An arbitrary string, which typically matches one of the symbols from the periodic table. If not an element, and there is no inline abbreviation for the atom, then the overall representation does not encode a molecule, but rather a template or query.

x, y

2D layout positions, in quasi-Angstrom units, with the idealised bond length being 1.5.

Charge

Formal atomic charge for the chemical species: must be an integer.

Unpaired

Number of unpaired electrons: a whole number. This is used to help calculate the valence, and is primarily relevant only for main block elements.

Virtual hydrogens

By default, implicit hydrogen atoms are calculated automatically for C, N, O, P and S, and zero for all other elements. Non default values allow the number of extra hydrogens to be specified explicitly, as 0 or more.

Extensions

An arbitrary list of strings associated with the atom, some of which have prefixes that are reserved (see below).

Bond core properties

from, to

The two connecting atoms for the bond.

Order

Bond order: a whole number, which is typically one of 0, 1, 2, 3, 4 or 5. Values of 4 and 5 are extremely rare, while values of 0 are used extensively for bonding arrangements that do not follow the simple Lewis octet rule.

Stereo type

Flat by default, but can also be inclined or declined (so-called wedge bonds) or non-stereospecific (usually drawn as squiggly lines).

Extensions

An arbitrary list of strings associated with the atom, some of which have prefixes that are reserved (see below).

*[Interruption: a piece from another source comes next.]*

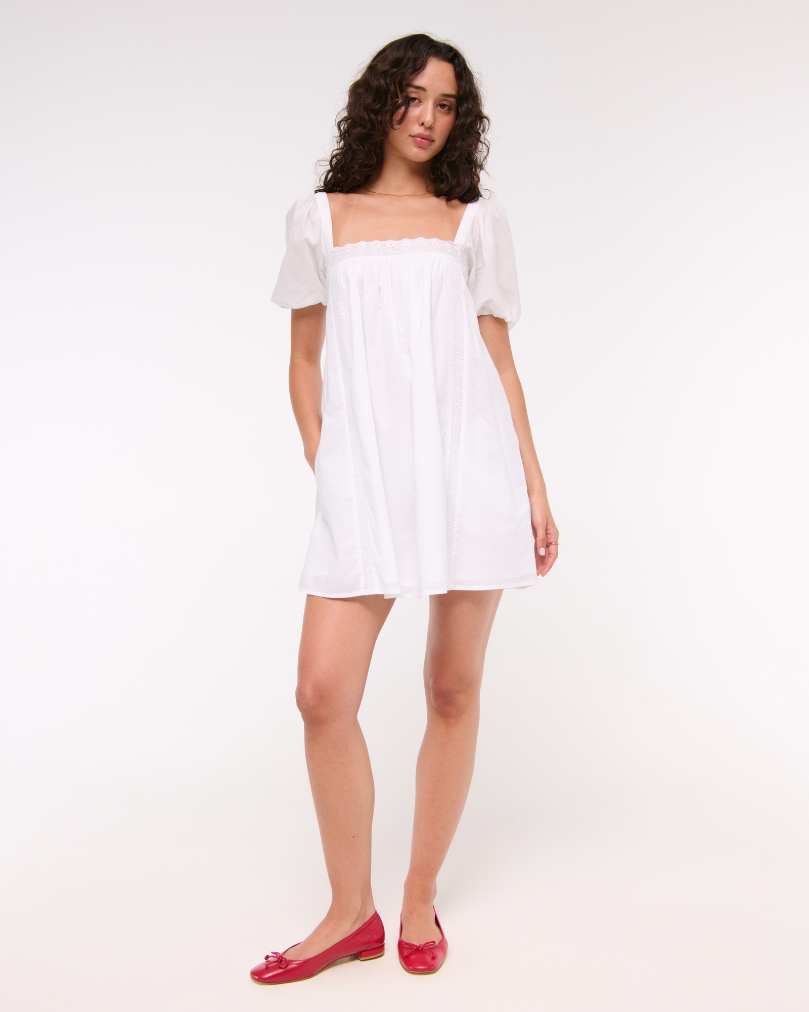 Puff Sleeve Lace-Trim Mini Dress

Atom reserved extension properties

z

Optional third dimension: the existence of z-coordinates implies that the molecule is not a flat 2D depiction but rather a 3D conformation.

Isotope

Specific isotope enrichment, where the default value of 0 implies a natural isotope distribution.

Mapping number

Integer mapping number associated with the atom. This can be used for any purpose, but is often for correlating atoms in a series or a reaction.

Query

Query properties used to specify how to match a variety of atom types.

Abbreviation

Inline abbreviation, containing a terminal substructure fragment that defines the entire molecular species that the placeholder atom represents. Can be recursive, i.e. the abbreviation can contain its own abbreviations.

Bond reserved extension properties

Query

Query properties used to specify how to match a variety of bond types.